Published Dec 27, 2019
Create an Angular Mobile App using NgRx

In this blog, we are going to learn how to create Angular app with the help of NGRX entity. Also we are going to learn how NgRx Entity build a basic CRUD (select, create, update and delete) to build Angular mobile app. [Click to Tweet]

NgRx Entity manages collections of entities. It provides APIs to manipulate and query entity collections. NgRx Entity helps to reduce the boilerplate coding of reducers that manage collections of entities. NgRx Entity provides performant CRUD operations for managing entity collections.

Here in this blog, you will get the complete information with an example to add, update, remove and select the entities from the collections to build the Angular ToDo app using the NgRx entity.

Step 1. Set up the Development Environment.

You need to set up your development environment before you can do anything.

Install Node.js® and npm if they are not already on your machine.
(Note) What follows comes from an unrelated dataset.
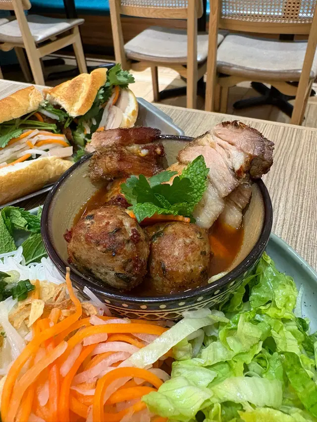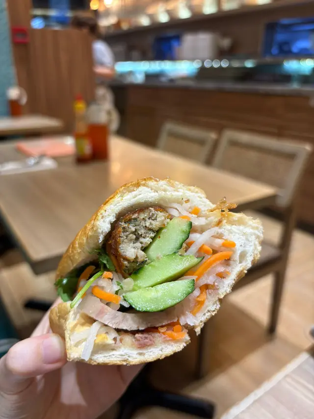 經典越南法包,餐廳有貼心切咗一半,方便食。法包烤得金黃香脆,咬落「喀嚓」一聲。入面嘅烤肉丸好juicy,調味啱啱好,唔會太鹹,加埋爽脆嘅青瓜同酸酸甜甜嘅蘿蔔絲,食落清新平衡。

Verify that you are running at least node 9.11.x and npm 6.x.x by running node -v and npm -v in a terminal/console window.
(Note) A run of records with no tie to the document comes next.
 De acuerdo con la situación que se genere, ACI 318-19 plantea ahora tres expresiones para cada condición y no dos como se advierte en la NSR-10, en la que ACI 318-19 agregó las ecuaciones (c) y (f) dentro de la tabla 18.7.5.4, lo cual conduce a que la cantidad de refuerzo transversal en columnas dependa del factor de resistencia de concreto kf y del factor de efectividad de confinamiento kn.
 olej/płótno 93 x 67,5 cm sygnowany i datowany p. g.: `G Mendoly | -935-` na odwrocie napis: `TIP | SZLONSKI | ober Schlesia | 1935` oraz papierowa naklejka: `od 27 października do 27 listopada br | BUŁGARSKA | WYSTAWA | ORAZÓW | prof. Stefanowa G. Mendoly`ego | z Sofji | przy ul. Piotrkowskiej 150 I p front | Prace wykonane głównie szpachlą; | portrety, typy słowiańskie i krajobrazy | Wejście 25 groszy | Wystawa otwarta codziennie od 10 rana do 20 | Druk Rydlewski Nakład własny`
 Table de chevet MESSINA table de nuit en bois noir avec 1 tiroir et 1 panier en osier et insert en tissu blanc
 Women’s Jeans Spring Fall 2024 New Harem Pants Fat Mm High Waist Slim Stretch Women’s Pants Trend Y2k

To install Angular CLI, run:

$ npm install -g angular-cli

This will install the ng command globally on your system.

To verify whether your installation completed successfully, you can run:

$ ng version

Step 2. Create a new App with Routing.

Now that you have Angular CLI installed, you can use it to generate your Todo application:

$ ng new todo-ngrx-entity --routing

This creates an app called todo-app and the –routing flag generates a file called app-routing.module.ts, which is one of the files you need for setting up lazy loading for your feature module.

Step 3. Install NgRx.

We will install the Entity, Store, and Effects using NPM as following:

$ npm install @ngrx/entity --save
$ npm install @ngrx/store --save
$ npm install @ngrx/effects --save

Step 4. Serve the application.

You can now navigate to the new directory:

$ cd todo-ngrx-entity

Then start the Angular CLI development server:

$ ng serve

This will start a local development server that you can navigate to in your browser at http://localhost:4200/

Step 5. Create a feature module with routing.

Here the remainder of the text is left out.